Okay, so now I have worked at a law firm for one week. I like it, and it is not as intense as I thought it would be, but this may be because I am not working hard enough. In fact, that is almost certainly the case. My officemate informed me that we are supposed to "shoot for" 7.5 hours of billable and non-billable time. Now the latter category only includes things like official training sessions and adding up your time for the week (yes, they have a special non-billable number just for the time you use to tot up your time!), not staring at the wall, eating lunch, or checking email, so I am in a world of hurt and did not even realize it.

It's a horrible experience to be confronted with how amazingly unproductive you are for most of the day. I can't keep to one task for more than a couple of minutes unless I am totally engrossed by the subject matter. Since that's not always the case with things I don't choose to read myself, I stop a lot in mid page to check email or tidy my desk just to keep my brain alert. If I am not multi-tasking, I drift, but that's not conducive to billing. I am used to being able to do the assigned work in less time than I'm alloted and then being able to relax for the rest of the time. That is not the way this job works. There is always more to do, or more to ask for. And what *did* I do for the three hours or so today that weren't billed? Eat lunch? Surf the web? Walk around the building looking for the associate's office where I was suppose to pick up my new assignment? Should I bill for that? Is it "travel?" (I know it's not.)
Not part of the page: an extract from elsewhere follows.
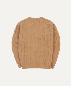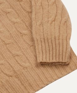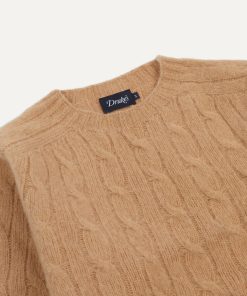 A brushed treatment gives this lambswool jumper an extraordinarily soft hand, while the cable knitting method creates a pleasingly rustic effect. Based on a hand-knit jumper from the ’30s, it makes for an idiosyncratic alternative to the brushed Shetland knit.
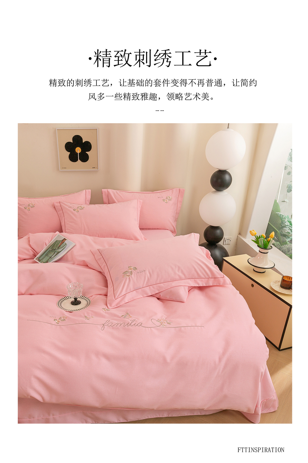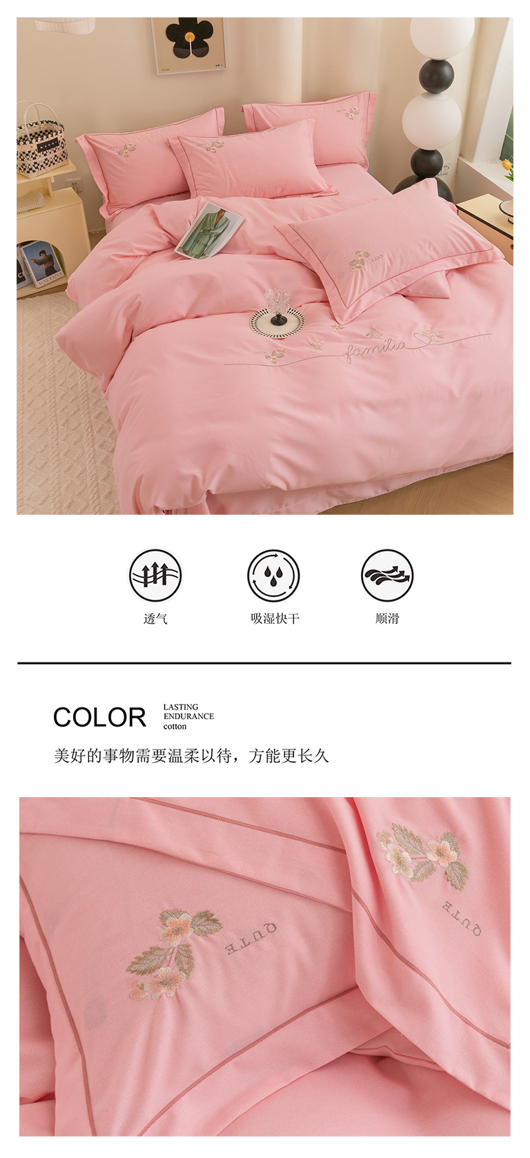 商品名称:绒博士 2025新款全棉磨毛绣花四件套--依恋系列 依恋-粉玉

This leads to the ugly realization that I only do a few hours of work each day and that the firm is going to think this is bad. I've never had an office job before where they actually expected you to do 7.5 hours of work every day. All my previous employment seemed to acknowledge that a significant portion of time is spent doing things like checking email, printing documents and going to get them, waiting for phone calls, and the like. Of course, maybe the real message is that firms think this also and that's why the typical day is more like twelve hours than eight - to allow for the staring into space and daydreaming and still squeeze a full day's work out of you.

Jeremy's humorous musings aside, this billing thing is no fun.